The state of Illinois may be broke (like most states after the 2008 economic meltdown) but you can still shoot tame pheasants that the state has hatched and raised expressly for your recreational pleasure at Illinois state parks this fall.
The state sponsored "controlled hunts" of pen-raised pheasants on state lands include sites for children ages 10 to 15. That will tear them away from their violent video games!
During the economic meltdown of 2008, Kelley Quinn, an Illinois Office of Management and Budget spokesperson, told the Pantagraph, "Raising pheasants at a financial loss, just so they can be killed, is not one of our top priorities when the state is facing a $750 million budget gap for FY08." But the Illinois Department of Natural Resources (DNR), which administers the "pheasant propagation centers," went ahead and bred the pellet-ready pheasants anyway. Seventy-eight thousand of them. And it's still at it.
Disputes about the cost of the pheasant breed and shoot program date back to at least 1992 when state estimates revealed that the program was paying $14.33 per bird. Other states pay more than that.
But Department spokesperson Ann Mueller cautioned the public to not overact to the figures because they include salaries of people who mow picnic grounds or plant sunflowers in dove fields at "multiple-use" game propagation facilities. (Where doves are also hunted.) That does not mean, however, that the program, or birds, are self-sustaining, added Mueller.
"People are under the impression that the program pays for itself 100 percent, but it just plain doesn't," she said. In point of fact, Illinoisans pay for three state-run breeding facilities including the high tech 20,000 square foot Helfrich Wildlife Propagation Center on the southern edge of Edward R. Madigan State Park near Lincoln, IL where as many as 150,000 pheasants are hatched and raised in 12 acres of outdoor pens every year.

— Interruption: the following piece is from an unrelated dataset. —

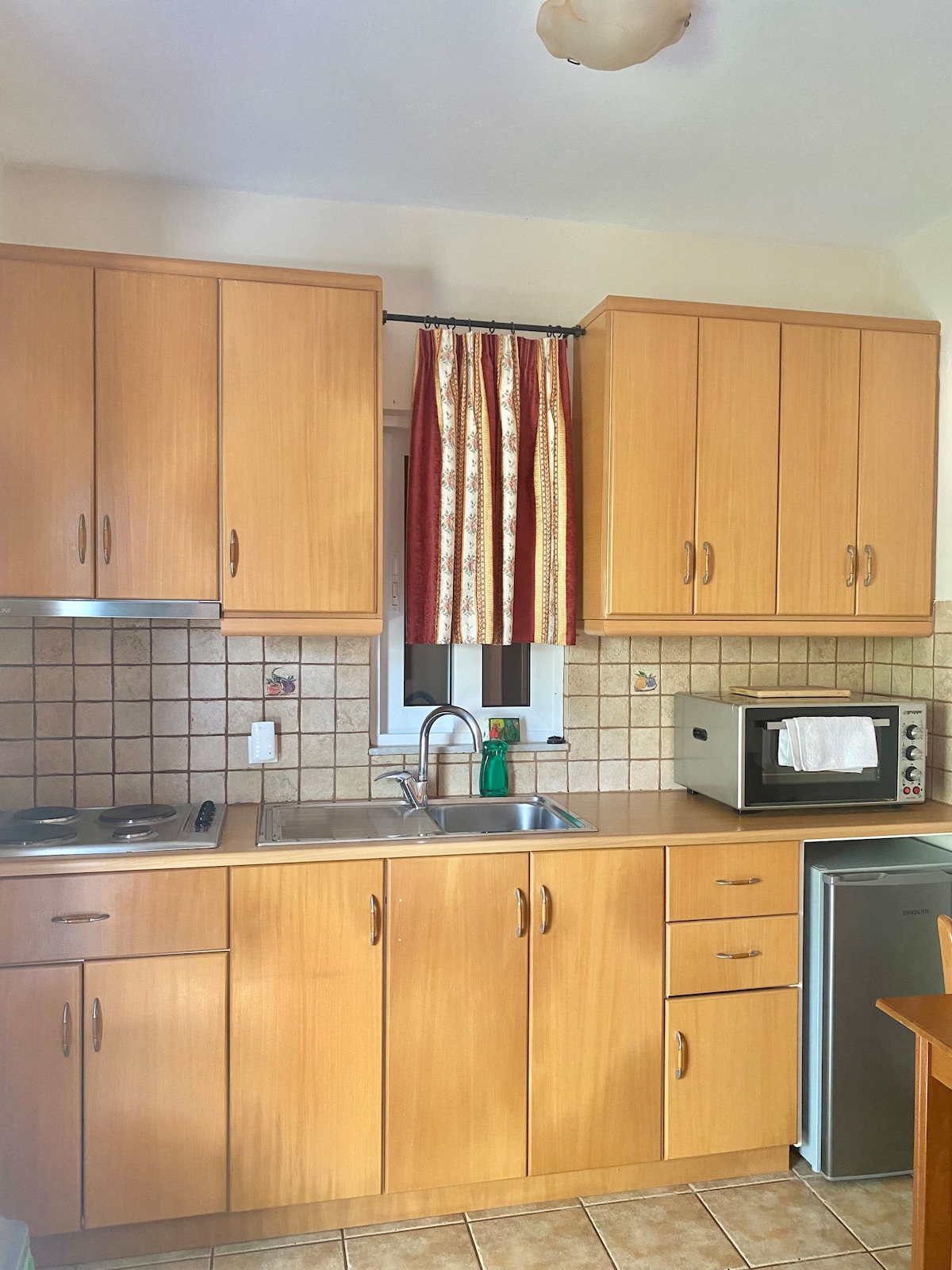 Villa Gyri is a brand new construction of 50sqm and it is comprised of 1 bedroom, 1 bathroom and an open plan kitchen/dining/living area, leading directly to the outdoor area where our guests will find a swimming pool, an outdoor shower, a barbeque area, an outdoor dining table, and sunbeds for lounging. This villa accommodates 2 adults and also 2 children as there is a sofa which can convert into a bed which sleeps 2. In the living room there is a 43' smart TV.

During the 2004-2005 season, the state of Illinois spent eight dollars per bird for 65,000 pheasants, according to Illinois DNR Advisory Board minutes. Officially, the $520,000 the pheasants cost should be funded by hunters' fees. But according to the State's own minutes, it isn't. Fees would have to be raised by two-thirds to cover "the costs of operating the wildlife propagation centers," say the minutes from the April 18, 2005 DNR board meeting at Rend Lake Resort.